SATO Motif

Neecher—Was ist das?

One day during my high school years, a friend of mine approached me from a distance yelling "Neeeeecherrrr!!" I felt an immediate affinity with my newly bestowed nickname and thus, began putting it to good use. (I have also been called "June bug," probably because I like to bug people, but somehow that died out.)

My given name, Junichi, is a very common Japanese name comprising of two Chinese characters: jun (order) and ichi (one), literally, "first in order." My guess is that this is usually a name given to the first son, but my parents claim that there is a deeper philosophical reason for naming me such.

In either case, the letter "n" in my name is a freestanding character in Japanese, the only character not associated with a vowel sound. Therefore, the "jun" part is pronounced independently of the "i" immediately following it. To the unaware English-speaking person, however, the spelling of the name Junichi ostensibly appears as consisting of the three syllables "ju," "ni," and "chi." Add to this the tendency to accent the second syllable, and the result is something that sounds more like an Italian nome di famiglia: "juneechee" (imagine it spelled Giunici!).

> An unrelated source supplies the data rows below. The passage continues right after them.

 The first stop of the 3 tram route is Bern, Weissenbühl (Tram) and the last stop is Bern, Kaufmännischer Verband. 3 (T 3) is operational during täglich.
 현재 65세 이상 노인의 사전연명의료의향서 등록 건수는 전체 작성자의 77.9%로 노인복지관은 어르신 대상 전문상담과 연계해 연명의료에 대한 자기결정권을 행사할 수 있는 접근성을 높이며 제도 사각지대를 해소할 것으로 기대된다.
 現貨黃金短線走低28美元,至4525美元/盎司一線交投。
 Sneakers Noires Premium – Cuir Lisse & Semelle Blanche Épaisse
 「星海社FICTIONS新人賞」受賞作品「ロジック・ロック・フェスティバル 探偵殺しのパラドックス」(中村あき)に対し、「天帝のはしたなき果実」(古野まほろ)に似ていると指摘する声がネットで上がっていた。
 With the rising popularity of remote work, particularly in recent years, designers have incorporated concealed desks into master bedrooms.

My nonchalance in correcting this phonic anomaly has caused me to not only accept, but alas, prefer the Anglicized version of my name, thereby exposing myself to the possibility of nicknames such as Neecher. And while I'm pretentiously rambling about my own name, here's an explanation of what the motif below represents.

SATO Motif

The three notes and the rest is a cryptographic representation of my surname (Sato). "S," or "Es" denotes E-flat in the German nomenclature for pitch; "A" can be used as is; "T," or "ti" is a solmization syllable representing B in fixed do; "O" can mean "zero" or "nothing"—a rest being the most logical musical equivalent.

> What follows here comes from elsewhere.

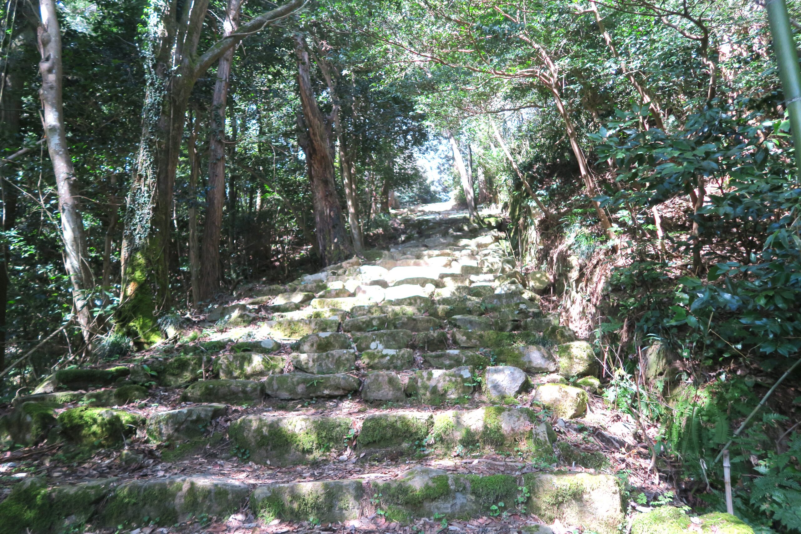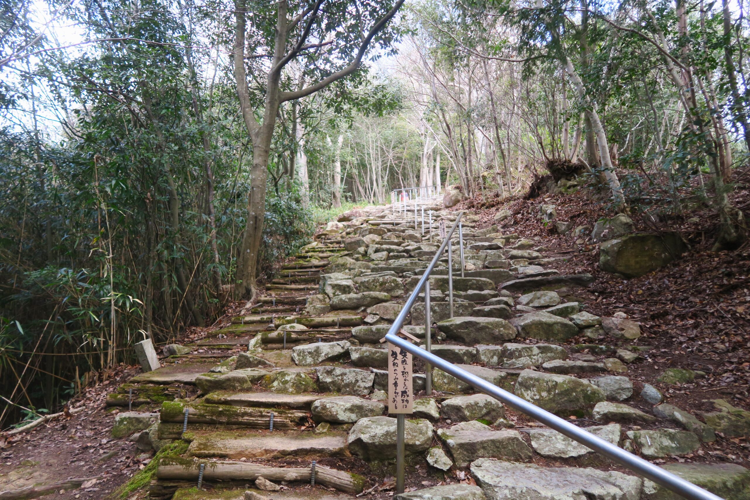 追手道には行かず参道を上がると、日吉神社の先からは1200段(駐車場からは440段)あるという石段の道になります。麓の日吉神社のあたりはそれほどでもないが、次第に急な坂道になって来る。それも普通の石段ではなく、大きな自然石を並べただけのもので、一段上るたびにかなりの労力がいる。石段は馬の歩幅に合わせて積まれているようで、人の歩幅には少し広すぎます。

My first use of this motif was in the coda of my Variations on a Theme by Liszt for woodwind quartet (2001). If the first pitch, E-flat is considered do, ti in movable do would represent D. The resulting three pitches, E-flat, A, and D, are the three most prominent pitches of the opening of Liszt's theme, transposed down a minor third. Given this link, the S-A-T-O motif in the coda of my Variations not only serves as my personal signature, but also acts as an ultimate homage to the eminent cultural hero, Franz Liszt.